**Activity:** Repeat precisely the span of lines below that opens with the line containing "Investor & Analyst Day • October 28, 2025 Our" and closes with the line containing "チェック柄ワイドパンツ ボトムス レディース", both included.
====== The records
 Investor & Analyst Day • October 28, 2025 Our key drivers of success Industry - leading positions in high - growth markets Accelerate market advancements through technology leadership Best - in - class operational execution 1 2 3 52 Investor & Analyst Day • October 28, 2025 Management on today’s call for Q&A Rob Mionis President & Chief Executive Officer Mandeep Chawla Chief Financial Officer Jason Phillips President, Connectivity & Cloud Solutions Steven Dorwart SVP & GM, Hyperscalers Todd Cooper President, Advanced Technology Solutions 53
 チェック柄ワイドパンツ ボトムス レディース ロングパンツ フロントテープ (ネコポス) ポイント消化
============
====== The records
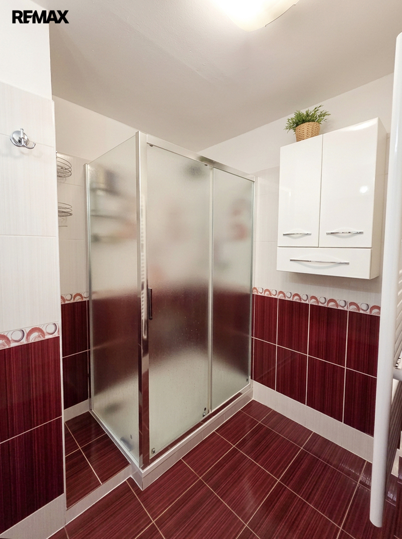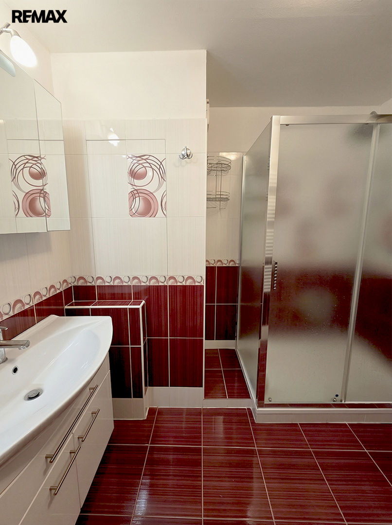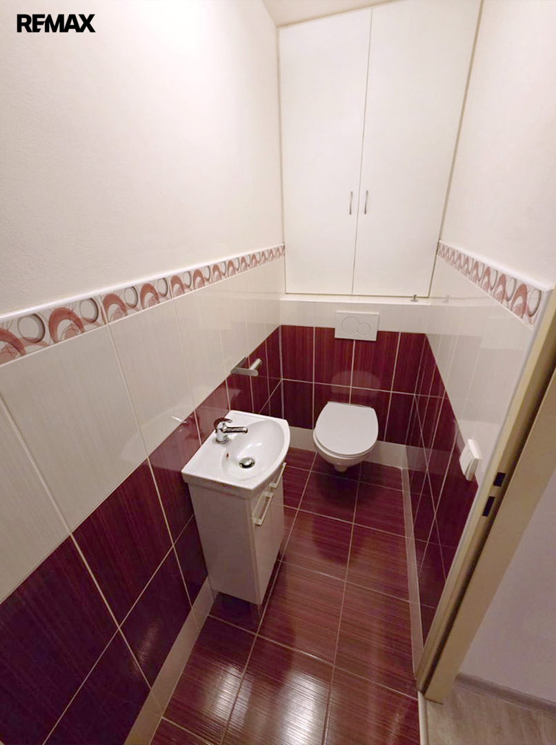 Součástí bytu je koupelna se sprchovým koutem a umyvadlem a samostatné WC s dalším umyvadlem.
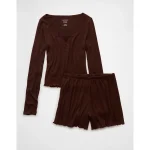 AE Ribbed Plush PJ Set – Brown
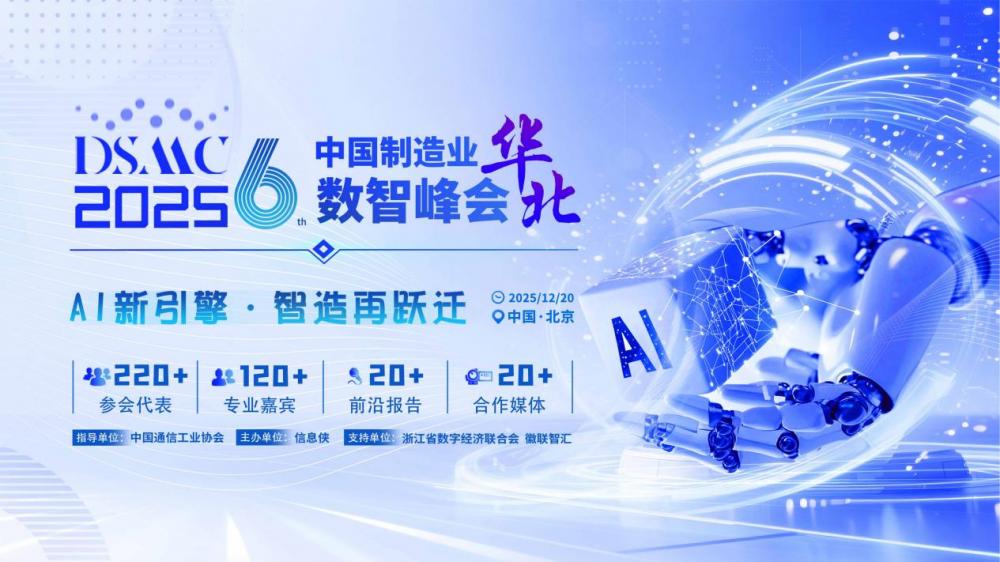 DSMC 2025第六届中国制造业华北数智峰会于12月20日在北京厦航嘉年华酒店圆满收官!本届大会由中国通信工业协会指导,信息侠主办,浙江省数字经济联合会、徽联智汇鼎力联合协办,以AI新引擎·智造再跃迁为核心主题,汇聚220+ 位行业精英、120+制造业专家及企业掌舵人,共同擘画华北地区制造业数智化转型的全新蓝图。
============
**Response area:**
 Investor & Analyst Day • October 28, 2025 Our key drivers of success Industry - leading positions in high - growth markets Accelerate market advancements through technology leadership Best - in - class operational execution 1 2 3 52 Investor & Analyst Day • October 28, 2025 Management on today’s call for Q&A Rob Mionis President & Chief Executive Officer Mandeep Chawla Chief Financial Officer Jason Phillips President, Connectivity & Cloud Solutions Steven Dorwart SVP & GM, Hyperscalers Todd Cooper President, Advanced Technology Solutions 53
 チェック柄ワイドパンツ ボトムス レディース ロングパンツ フロントテープ (ネコポス) ポイント消化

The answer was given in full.